Comment by jxmorris12
2 years ago
First author here! I thought it was interesting that so many people thought this was obvious after-the-fact. What we're trying to convey is that although inversion turns out to be possible, it's not trivial.
Here are the three levels of inversion model described in the paper:
(1) Training a decoder to invert embeddings gives you some similar text, but only with some overlapping words.
(2) Training an encoder-decoder with the embedding projected up to a 'sequence' for the encoder works better, and gets more words back, but almost never gets the right text back exactly, especially when sequences are long.
(3) Training this fancy architecture as a 'correction' model that recursively corrects and re-embeds text works really well. It turns out that search is necessary for this kind of thing, and can get many texts back exactly.
A fourth option would be to simply scale the inversion model up by 10x or 100x, which would give us predictably better performance. We didn't try this because it's just not that interesting.
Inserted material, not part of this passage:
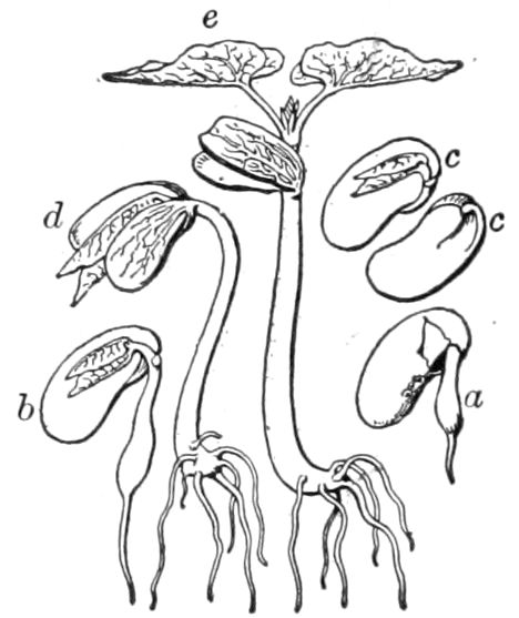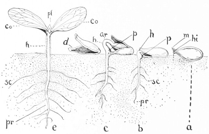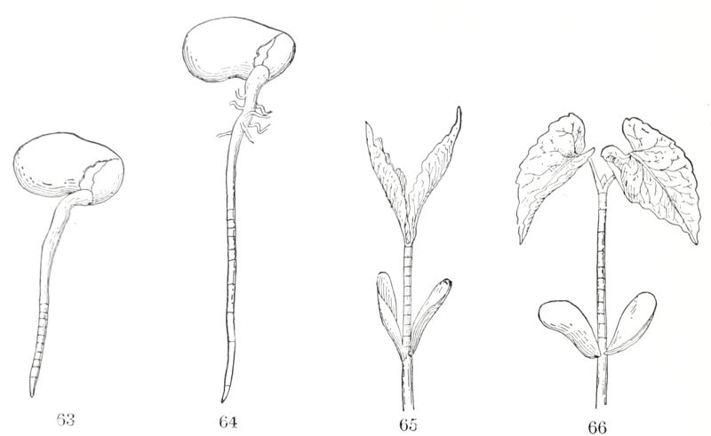 2. Why food is stored in seeds.—The one purpose for which plants produce their seed is to give rise to a new generation and so carry on the life of the species. The seed is the nursery, so to speak, in which the germ destined to produce a new plant is sheltered until it is ready to begin an independent existence. But the young plant, like the young animal, is incapable of providing for itself at first, and would die unless it received nourishment from the mother plant until it has formed roots and leaves so that it can manufacture food for[Pg 3] itself. Plants in general require very much the same food that animals do, and they have the power, which animals have not, of manufacturing it out of the crude materials contained in the soil water and in the air. Such of these foods as are not needed for immediate consumption, they store up to serve as a provision for the young shoot when the seed begins to germinate.

Hey man this is going to sound really weird but when I just saw your name, it struck me as super familiar. Like I know I've seen your name on GitHub somewhere. I started going through your public Repos and I figured it out!
The first commit I ever made was on a fork of one of your projects over 5 years ago. I wasn't a software engineer then, I was just some guy learning to code in his free time.
Anyways I just wanted to say thank you. I know it may seem silly. But your code gave me the scaffolding I needed to take some important first steps towards where I am today. I'm now a senior software engineer/team lead!
If you were curious, here's the fork: https://github.com/brendenriggs/GottaSlackEmAll
I've got to say: I don't play any more, but I definitely miss those early day when Pokemon Go first came out. Good times.
Wow, that’s really wild! Yeah, I remember this — 8 years ago Pokémon go came out and I was working on some projects to reverse engineer the API. Now I’m reverse engineering neural networks. Go figure.
These rare encounters are one of the things that make me love the internet.
1 reply →
> A fourth option would be to simply scale the inversion model up by 10x or 100x, which would give us predictably better performance. We didn't try this because it's just not that interesting.
Scaling is always both important and interesting.
To train a larger inversion model, I think we'll just need 16 A100s for a month or two. We can circle back in December, once the bigger model finishes training, to see that we've gotten better reconstruction performance. Fascinating!
Great paper! I have a question on how much this can be attributed to portions of text which GPT has already seen. Like if the same approach was followed on a new sliver of Wikipedia which GPT had not seen would the results be the same?